Stephen White

“Kill Me”


A new author
for me. I hope
to find more. 
Crime-prone Boulder psychologist Dr. Alan Gregory doesn’t have to do anything but listen to one of his most troubled patients: a man sentenced to death by killers he hired himself.

After getting rescued from a skiing mishap that could have been much worse and hearing the news that a friend has been turned into a vegetable by a scuba accident, the anonymous narrator, a wealthy med-tech developer, realizes he’s never worried what will happen if illness or accident leave him incapacitated, unable to communicate his wish to die if he can’t Live-with-a-capital-L, or make sure that wish is honored. 

A sympathetic friend puts him in touch with a shadowy group he dubs the Death Angels who offer a unique service. For a cool million, they’ll ask you enough questions to construct an individualized profile of your likely future wishes, then monitor your health, keep an eye out for accidents and step in without further notice if you cross the quality-of-life line you’ve drawn yourself. 

The big advantage to this arrangement, of course, is that you get to make decisions about the end of your life while you’re still in the pink of health. The big disadvantage is that once you’ve made the final payment, your contract with the Death Angels is irrevocable—even if you soon develop an aneurysm that produces symptoms so serious you know the Death Angels are watching, even if in the meantime you’ve developed an emotional bond to a son you never knew you had that’s so vital it’s absolutely essential you stay alive at least long enough to find the missing boy and bid him farewell.

White, no stranger to suspenseful but wildly implausible plots (Missing Persons, 2005, etc.), wisely front-loads this thriller with a flatly incredible premise that pays off down the road despite a cargo of further improbabilities.

"Manner of Death" 

Very involved but
interesting and
worth a read. 
The past resurfaces in ways that are as intimate as they are frightening when Dr. Alan Gregory and Dr. Sawyer Sackett-a woman he once loved-are plunged into the private nightmare of a killer who knows about the terrifying power of mind games.

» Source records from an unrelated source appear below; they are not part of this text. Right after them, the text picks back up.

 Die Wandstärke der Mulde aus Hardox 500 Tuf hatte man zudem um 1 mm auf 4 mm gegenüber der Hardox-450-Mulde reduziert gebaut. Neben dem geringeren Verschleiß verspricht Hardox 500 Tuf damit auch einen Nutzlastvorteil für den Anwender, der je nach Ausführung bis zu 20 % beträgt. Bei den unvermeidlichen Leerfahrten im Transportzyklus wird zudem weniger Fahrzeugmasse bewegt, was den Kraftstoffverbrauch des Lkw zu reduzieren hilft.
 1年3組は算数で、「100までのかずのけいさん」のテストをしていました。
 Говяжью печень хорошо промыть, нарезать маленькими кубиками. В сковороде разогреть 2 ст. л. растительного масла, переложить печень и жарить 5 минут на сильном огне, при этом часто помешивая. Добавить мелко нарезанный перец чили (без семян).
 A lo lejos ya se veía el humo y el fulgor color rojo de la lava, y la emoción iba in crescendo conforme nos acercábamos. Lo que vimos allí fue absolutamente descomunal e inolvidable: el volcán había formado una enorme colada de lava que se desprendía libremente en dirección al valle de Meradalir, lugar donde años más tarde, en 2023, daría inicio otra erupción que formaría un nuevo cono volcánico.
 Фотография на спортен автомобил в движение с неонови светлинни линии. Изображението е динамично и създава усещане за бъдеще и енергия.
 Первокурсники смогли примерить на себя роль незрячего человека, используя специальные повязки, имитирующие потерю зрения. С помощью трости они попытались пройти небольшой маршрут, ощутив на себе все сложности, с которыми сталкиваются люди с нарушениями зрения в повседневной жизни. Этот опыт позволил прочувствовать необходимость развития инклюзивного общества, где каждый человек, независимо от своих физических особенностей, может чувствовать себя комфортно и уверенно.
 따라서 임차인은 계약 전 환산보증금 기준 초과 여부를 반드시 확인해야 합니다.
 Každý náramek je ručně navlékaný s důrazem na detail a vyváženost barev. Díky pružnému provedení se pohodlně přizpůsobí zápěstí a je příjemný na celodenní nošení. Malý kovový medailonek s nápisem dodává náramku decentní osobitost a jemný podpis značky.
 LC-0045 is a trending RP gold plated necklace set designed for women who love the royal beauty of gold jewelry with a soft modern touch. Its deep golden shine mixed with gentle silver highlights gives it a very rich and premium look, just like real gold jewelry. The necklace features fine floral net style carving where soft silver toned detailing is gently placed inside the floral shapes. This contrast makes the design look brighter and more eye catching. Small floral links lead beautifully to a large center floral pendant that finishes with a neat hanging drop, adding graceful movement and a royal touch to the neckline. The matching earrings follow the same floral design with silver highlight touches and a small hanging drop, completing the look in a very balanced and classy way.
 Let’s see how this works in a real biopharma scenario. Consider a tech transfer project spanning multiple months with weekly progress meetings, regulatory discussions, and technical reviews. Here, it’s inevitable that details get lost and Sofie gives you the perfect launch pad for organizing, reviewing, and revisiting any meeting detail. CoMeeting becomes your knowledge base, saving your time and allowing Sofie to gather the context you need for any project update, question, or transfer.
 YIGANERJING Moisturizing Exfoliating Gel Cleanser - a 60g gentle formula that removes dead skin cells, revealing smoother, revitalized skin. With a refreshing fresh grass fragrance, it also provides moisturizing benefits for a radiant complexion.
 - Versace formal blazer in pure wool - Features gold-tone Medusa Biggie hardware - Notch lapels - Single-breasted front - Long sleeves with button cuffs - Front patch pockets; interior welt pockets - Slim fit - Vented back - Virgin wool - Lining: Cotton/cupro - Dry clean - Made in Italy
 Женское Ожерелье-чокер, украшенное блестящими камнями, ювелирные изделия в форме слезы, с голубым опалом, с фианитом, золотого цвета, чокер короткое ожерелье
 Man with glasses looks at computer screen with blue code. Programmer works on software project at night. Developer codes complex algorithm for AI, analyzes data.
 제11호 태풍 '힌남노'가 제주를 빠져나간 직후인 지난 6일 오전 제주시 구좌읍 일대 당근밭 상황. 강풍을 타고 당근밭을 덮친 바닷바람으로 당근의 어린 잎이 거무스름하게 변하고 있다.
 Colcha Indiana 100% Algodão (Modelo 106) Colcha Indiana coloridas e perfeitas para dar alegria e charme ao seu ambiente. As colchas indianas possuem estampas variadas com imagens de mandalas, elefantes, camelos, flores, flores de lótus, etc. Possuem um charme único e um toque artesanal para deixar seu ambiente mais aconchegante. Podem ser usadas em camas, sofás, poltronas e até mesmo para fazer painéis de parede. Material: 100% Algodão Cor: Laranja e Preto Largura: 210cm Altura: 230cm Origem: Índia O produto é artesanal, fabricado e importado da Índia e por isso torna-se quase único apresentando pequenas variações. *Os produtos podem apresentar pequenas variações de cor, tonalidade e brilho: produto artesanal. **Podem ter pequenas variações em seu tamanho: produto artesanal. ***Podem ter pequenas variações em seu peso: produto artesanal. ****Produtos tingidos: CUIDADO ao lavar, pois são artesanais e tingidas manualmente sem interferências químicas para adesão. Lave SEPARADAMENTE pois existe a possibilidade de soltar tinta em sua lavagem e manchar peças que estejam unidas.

Following a former colleague's funeral, two strangers approach Gregory and suggest that the death he just mourned did not occur from natural causes and is neither the first nor the last of a terrible chain in which Gregory is the crucial link. 

Delving into his past and examining the deaths of associates from his post-medical school days almost two decades before, Gregory quickly discovers that all have been victims of bizarre, fatal accidents except him and his old flame, Sawyer Sackett. 

Reuniting with Sawyer to investigate the string of possible murders, Alan finds not only his life, but his marriage endangered. Soon he is moving into the sights of a dangerously disturbed killer-- and deeper into an unsolved mystery buried in the annals of modern American crime.

“Critical Conditons” 


Summoned to the hospital to learn the motives behind a teenage girl's suicide attempt, Alan discovers that the girl's young stepsister lies near death in another hospital with a heart disease. 

Denied an experimental new treatment that could save her life by her parent's managed-care provider, the stepsister has become a symbol of a health care system more concerned with costs than with the lives of its patients. 


And when a wealthy executive of the family's HMO is found dead, Alan and Denver detective Sam Purdy uncover the truth that links the teenage girl to his death, and the truth behind a family willing to kill in the name of love...and revenge.